THREE STARS A group of friends hold a hens party on a rural property. What could possibly go wrong?

HORROR COMEDY Australia #TRIGGERED

Starring Aisha Dee, Hannah Barlow


Mining a rich vein of cinematic comedy-horror, SISSY does everything it suggests it will in the trailer. There are laughs, jolts, scares and gore as, one by one, characters are picked off by a revengeful killer - all in time for Halloween.


Cecilia, formerly known as Sissy, trades in self-help mantras and pay-it-forward niceness that has earned her a sizeable following of digital admirers. By chance she runs into a friend who invites her to a hens-party at a country retreat. She’s reluctant - old school mates will be there and school was not a happy place for Sissy - but agrees to go anyway. No sooner do they arrive than her fears are realised. The weekend has been organised by a spiteful girl who bullied her the most. Worse, she didn’t know Sissy was coming and she’s not happy about it. Events are put in train that will trigger Cecilia’s emotional fragility.
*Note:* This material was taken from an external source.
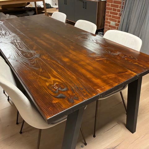 Velholdt og meget stabilt Davos spisebord i matlakeret natureg. Små revner/mærker i et par af bordbenene.

There’s little that’s especially original about SISSY as bad things inevitably befall the group, remote and isolated from the outside world. Dealing with roadkill foreshadows a car accident, and you immediately know how that’ll play out. So while you’ve seen this construct a hundred times before, to the credit of the writer/director team of Hannah Barlow and Kane Senes, rather than pretend otherwise they lean into the obvious and make it a virtue with quite some success. There’s tension aplenty and, if you find slasher/horror funny, plenty of laughs to go with it.


A solid cast is held up by equally solid production, bright design by Michael Price and engaging camera work of Steve Arnold (RAMS). SISSY may be a blunt instrument of satire as it assaults a myriad of plagues on youth culture, but it’s a fun one none the less.